Re: [jgit-dev] RevWalk problems with shallow clones
On Fri, Aug 12, 2011 at 02:50, Marc Strapetz <marc.strapetz@xxxxxxxxxxx> wrote:
>> The way to do handle the shallow stuff is to actually insert
>> pre-parsed RevCommit objects into the RevWalk object pool that have
>> the parents truncated away, similar to a graft (which we also don't
>> support). This will keep JGit from walking backwards into the commits
>> it doesn't have, and thus avoid the MissingObjectException you noted.
> That means to parse probably a lot of shallow commits which are actually
> never encountered for a specific RevWalk. Couldn't we detect shallow
> commits lazily -- would following approach work?
> RevCommit.parseCanonical() uses RevWalk.lookupCommit() to resolve
> parents. We could introduce a new package-protected method:
> lookupCommit(final AnyObjectId id, final AnyObjectId child)
> On the otherside we would have new
> public RevWalk.markShallow(final AnyObjectId id)
> Now, when new lookupCommit() receives a child being part of commits
> marked as shallow, it will return null and RevCommit.parseCanonical()
> then will simply ignore that parent.
This will (massively) slow down the common case of not having shallow commits.

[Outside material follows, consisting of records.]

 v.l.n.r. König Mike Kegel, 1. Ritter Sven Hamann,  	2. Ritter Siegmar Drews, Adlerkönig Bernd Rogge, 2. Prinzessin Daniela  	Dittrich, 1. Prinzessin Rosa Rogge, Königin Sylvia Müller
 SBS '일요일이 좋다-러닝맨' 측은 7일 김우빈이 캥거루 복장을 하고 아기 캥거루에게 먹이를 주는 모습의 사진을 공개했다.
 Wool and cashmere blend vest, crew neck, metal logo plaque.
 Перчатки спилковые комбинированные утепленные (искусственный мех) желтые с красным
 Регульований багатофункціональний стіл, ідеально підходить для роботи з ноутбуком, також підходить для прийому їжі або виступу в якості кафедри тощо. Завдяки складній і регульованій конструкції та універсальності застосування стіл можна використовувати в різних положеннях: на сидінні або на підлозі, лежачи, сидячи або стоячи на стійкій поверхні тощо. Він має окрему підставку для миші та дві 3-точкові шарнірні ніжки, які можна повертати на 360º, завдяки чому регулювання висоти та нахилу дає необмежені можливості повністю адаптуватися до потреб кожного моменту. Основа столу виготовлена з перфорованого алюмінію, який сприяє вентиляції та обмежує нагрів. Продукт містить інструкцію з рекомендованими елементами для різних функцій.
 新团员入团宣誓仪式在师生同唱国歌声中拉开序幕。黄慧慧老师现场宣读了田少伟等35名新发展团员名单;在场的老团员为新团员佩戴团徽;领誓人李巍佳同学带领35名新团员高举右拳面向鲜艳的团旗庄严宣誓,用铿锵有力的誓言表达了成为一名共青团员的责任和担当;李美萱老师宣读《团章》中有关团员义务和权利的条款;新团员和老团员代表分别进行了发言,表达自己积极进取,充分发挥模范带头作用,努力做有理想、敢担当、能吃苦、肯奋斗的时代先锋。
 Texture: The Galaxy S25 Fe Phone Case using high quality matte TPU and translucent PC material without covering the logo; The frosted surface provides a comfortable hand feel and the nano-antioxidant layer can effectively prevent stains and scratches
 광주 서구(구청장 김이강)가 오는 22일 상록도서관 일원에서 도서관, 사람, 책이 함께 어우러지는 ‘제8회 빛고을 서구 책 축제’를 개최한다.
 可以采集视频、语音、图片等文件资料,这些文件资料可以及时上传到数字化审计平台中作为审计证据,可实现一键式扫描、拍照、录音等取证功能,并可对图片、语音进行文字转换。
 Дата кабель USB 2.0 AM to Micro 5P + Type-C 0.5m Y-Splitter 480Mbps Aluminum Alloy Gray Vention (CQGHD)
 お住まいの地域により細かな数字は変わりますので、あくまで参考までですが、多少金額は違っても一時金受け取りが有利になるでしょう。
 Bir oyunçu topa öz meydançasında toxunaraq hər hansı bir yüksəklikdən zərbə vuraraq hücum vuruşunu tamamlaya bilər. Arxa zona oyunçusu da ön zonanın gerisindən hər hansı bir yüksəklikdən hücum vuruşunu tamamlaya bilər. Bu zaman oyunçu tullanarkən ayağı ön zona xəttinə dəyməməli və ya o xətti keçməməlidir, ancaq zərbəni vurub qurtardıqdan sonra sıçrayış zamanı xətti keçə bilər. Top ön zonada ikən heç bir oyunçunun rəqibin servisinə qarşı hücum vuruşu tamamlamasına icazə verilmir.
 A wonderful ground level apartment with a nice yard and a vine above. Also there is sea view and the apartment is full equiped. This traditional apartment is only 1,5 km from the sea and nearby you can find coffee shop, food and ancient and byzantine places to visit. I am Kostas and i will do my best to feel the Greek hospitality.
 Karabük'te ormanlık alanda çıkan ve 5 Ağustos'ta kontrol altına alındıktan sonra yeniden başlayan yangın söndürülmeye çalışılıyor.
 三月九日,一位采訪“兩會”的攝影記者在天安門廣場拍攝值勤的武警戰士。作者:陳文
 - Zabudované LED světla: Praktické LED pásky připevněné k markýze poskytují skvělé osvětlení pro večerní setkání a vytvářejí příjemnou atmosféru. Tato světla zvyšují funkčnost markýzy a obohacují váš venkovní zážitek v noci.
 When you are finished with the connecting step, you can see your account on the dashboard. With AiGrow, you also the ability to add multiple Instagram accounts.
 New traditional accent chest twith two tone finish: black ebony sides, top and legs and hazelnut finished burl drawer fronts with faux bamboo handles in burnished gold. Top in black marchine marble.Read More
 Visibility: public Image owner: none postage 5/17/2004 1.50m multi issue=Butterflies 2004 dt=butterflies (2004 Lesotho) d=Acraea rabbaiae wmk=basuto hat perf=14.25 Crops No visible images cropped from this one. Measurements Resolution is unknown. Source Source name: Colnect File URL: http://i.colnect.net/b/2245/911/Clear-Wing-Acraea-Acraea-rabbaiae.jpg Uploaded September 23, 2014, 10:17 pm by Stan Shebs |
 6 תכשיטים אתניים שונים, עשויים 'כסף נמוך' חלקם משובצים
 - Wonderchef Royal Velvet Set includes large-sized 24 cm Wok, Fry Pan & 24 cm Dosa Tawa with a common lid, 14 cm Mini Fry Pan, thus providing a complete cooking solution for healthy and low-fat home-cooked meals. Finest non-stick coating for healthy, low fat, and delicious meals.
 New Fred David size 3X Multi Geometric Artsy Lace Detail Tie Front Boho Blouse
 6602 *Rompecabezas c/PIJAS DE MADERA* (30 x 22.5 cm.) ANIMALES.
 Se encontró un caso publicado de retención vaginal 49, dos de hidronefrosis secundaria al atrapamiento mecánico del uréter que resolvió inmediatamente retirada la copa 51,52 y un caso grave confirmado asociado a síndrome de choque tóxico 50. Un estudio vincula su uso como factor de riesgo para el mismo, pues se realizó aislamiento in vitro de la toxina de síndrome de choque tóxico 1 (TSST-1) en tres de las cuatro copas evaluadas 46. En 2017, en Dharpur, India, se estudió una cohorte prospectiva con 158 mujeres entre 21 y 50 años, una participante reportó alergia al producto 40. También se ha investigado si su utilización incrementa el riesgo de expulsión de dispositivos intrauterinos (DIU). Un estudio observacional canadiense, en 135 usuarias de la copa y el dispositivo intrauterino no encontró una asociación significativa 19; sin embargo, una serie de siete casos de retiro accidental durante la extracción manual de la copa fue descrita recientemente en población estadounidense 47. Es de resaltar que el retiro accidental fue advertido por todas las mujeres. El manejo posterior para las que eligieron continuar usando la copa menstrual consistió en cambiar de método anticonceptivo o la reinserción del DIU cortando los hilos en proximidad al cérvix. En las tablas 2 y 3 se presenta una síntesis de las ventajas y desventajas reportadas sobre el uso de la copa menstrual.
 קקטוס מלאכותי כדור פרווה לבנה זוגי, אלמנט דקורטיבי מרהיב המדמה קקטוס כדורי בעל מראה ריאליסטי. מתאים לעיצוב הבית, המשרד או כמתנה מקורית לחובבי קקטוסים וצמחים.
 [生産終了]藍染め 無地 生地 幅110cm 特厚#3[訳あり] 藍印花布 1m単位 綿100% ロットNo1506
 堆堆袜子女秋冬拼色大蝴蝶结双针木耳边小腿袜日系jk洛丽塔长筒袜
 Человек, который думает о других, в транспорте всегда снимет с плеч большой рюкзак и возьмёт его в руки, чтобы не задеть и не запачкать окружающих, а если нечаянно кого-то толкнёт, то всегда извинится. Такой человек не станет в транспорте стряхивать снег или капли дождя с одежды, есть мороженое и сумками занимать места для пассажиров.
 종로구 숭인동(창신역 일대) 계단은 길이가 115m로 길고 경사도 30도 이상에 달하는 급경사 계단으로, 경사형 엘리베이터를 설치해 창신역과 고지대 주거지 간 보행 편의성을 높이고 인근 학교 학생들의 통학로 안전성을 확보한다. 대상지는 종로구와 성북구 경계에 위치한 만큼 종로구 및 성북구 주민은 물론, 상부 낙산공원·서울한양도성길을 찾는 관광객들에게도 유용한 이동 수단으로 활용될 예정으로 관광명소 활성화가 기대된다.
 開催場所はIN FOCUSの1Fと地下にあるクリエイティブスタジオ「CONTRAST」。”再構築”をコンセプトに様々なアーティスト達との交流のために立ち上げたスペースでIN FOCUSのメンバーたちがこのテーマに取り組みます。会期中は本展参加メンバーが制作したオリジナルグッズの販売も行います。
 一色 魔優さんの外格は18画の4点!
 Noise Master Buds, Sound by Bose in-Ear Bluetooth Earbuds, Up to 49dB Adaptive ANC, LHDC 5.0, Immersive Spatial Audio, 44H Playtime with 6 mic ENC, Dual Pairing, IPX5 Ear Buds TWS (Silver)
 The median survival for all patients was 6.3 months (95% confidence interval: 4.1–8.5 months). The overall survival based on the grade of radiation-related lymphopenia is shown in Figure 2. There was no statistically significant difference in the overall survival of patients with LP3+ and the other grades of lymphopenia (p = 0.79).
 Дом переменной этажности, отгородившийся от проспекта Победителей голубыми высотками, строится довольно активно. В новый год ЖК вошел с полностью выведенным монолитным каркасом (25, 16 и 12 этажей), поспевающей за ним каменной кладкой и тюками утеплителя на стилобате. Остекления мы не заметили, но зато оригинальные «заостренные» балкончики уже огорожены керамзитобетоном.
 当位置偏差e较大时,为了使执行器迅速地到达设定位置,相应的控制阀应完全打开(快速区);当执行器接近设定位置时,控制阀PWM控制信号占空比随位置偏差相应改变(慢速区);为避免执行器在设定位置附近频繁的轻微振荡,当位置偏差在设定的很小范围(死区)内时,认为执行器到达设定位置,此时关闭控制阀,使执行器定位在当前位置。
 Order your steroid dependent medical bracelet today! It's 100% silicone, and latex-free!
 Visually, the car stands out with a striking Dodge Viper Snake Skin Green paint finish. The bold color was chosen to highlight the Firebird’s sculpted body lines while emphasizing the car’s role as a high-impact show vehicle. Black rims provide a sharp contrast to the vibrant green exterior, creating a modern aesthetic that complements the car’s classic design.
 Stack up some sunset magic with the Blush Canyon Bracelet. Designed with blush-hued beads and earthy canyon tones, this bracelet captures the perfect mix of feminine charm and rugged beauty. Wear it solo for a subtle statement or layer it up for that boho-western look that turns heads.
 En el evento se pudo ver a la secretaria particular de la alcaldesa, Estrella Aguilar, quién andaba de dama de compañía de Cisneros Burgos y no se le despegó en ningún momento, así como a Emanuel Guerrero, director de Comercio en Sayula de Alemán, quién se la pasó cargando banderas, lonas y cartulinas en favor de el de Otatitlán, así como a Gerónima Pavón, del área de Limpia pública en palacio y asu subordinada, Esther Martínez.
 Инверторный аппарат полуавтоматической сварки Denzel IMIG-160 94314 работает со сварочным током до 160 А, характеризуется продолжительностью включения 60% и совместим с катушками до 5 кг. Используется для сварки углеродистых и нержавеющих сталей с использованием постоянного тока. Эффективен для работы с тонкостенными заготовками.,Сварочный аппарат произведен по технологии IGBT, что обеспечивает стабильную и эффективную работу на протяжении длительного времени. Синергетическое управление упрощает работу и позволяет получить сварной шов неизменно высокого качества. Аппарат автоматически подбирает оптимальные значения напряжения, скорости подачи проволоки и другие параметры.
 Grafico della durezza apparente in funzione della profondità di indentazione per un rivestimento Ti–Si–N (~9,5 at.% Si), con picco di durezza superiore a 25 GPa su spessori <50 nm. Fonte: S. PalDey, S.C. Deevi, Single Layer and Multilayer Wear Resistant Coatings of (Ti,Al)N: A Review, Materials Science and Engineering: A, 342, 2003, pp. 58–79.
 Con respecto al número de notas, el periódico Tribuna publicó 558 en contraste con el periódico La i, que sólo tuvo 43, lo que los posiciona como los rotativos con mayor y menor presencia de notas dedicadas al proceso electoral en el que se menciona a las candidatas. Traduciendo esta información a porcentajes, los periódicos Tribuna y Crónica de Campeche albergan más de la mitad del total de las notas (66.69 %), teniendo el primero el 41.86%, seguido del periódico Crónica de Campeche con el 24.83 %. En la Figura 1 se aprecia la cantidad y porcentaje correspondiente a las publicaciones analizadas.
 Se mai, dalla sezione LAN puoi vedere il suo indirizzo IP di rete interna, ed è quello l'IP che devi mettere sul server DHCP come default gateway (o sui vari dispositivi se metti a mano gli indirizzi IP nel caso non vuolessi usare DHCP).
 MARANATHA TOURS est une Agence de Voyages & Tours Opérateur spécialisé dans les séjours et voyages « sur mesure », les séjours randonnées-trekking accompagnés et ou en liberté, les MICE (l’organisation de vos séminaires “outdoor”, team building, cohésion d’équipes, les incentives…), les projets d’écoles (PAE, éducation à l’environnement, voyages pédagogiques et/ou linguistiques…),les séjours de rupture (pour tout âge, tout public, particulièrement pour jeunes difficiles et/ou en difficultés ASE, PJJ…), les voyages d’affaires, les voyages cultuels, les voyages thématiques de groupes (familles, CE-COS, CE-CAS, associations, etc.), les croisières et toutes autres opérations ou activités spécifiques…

We don't actually need to parse the shallow commits. We just need to
load the shallow file and allocate the RevCommit object with the
parents field populated. IIRC RevCommit won't overwrite the parents if
they are already filled when it parses, which means we can setup a
shallow commit with an empty parent array. For non-shallow walks, this
has no additional penalty. For shallow walks, the penalty is only a
small hit up-front as we scan through the shallow file... which you
have to do no matter what anyway.